Yep. Same report. Time to fork slashdot to make it less inflammatory. They took the only concern, "lack of clarity how well trained bloggers are" and made it into a siren favoring Big Media.
Re:it is a shame too. (Score:4, Informative)
Nonsense. Political corruption is the bread and butter of media because it sells. As noted in the first linked article, the LA Times investigated and broke the Bell corruption story.
Nonsense right back at you. Stories about the tweets and love lives of politicians are the bread and butter of media because it sells, and it creates distractions from the real issues. Actual political corruption, such as Obama secretly negotiating [huffingtonpost.com] with Health care companies, running a covert war in Yemen [reuters.com], and then lying [telegraph.co.uk] about it, and of course I shouldn't even have to mention all stuff that went on under Bush. Actual corruption gets very little, if any, coverage.

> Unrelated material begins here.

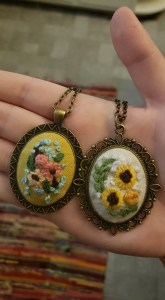 During her free time, Gracie loves to create. Painting, embroidery you name it, she can do it! She got into embroidery when she came upon a starter set at a church yard sale. She tried the small starter kit and absolutely adored it so she kept making larger and larger pieces!

Re:Yeah, that's it (Score:4, Informative)
Personally, I have long since ignored local news media outlets because of the level of bias they all seem to carry. There are more choices for national and international news, you can find more sources online and sources based overseas, but here in America most of the media is pushing the same agenda - why would I waste my time watching what are essentially 20 minute news-based political cartoons?
The internet didn't kill local news or newspapers, they killed themselves by deciding to stop reporting news and start shaping and creating news.
My local internet-only news is actually quite good, but the TV news is exactly as you say. There's usually brief segments of news, weather, and sports, followed by the lengthy feature story about how likely I am to be murdered if I sell something on Craigslist or how terrorists can make my computer explode if I share too much personal information on Facebook.
Re:Yeah, that's it (Score:5, Informative)
That, and the Fox News "We won the right to blatantly lie and call it news" SCOTUS case pretty much clenched it.
Humorously enough, this is a blatant lie. The case you are referring to had nothing to do with Fox News [wikipedia.org]. Also, the case wasn't a SCOTUS case (it was a Florida court case.)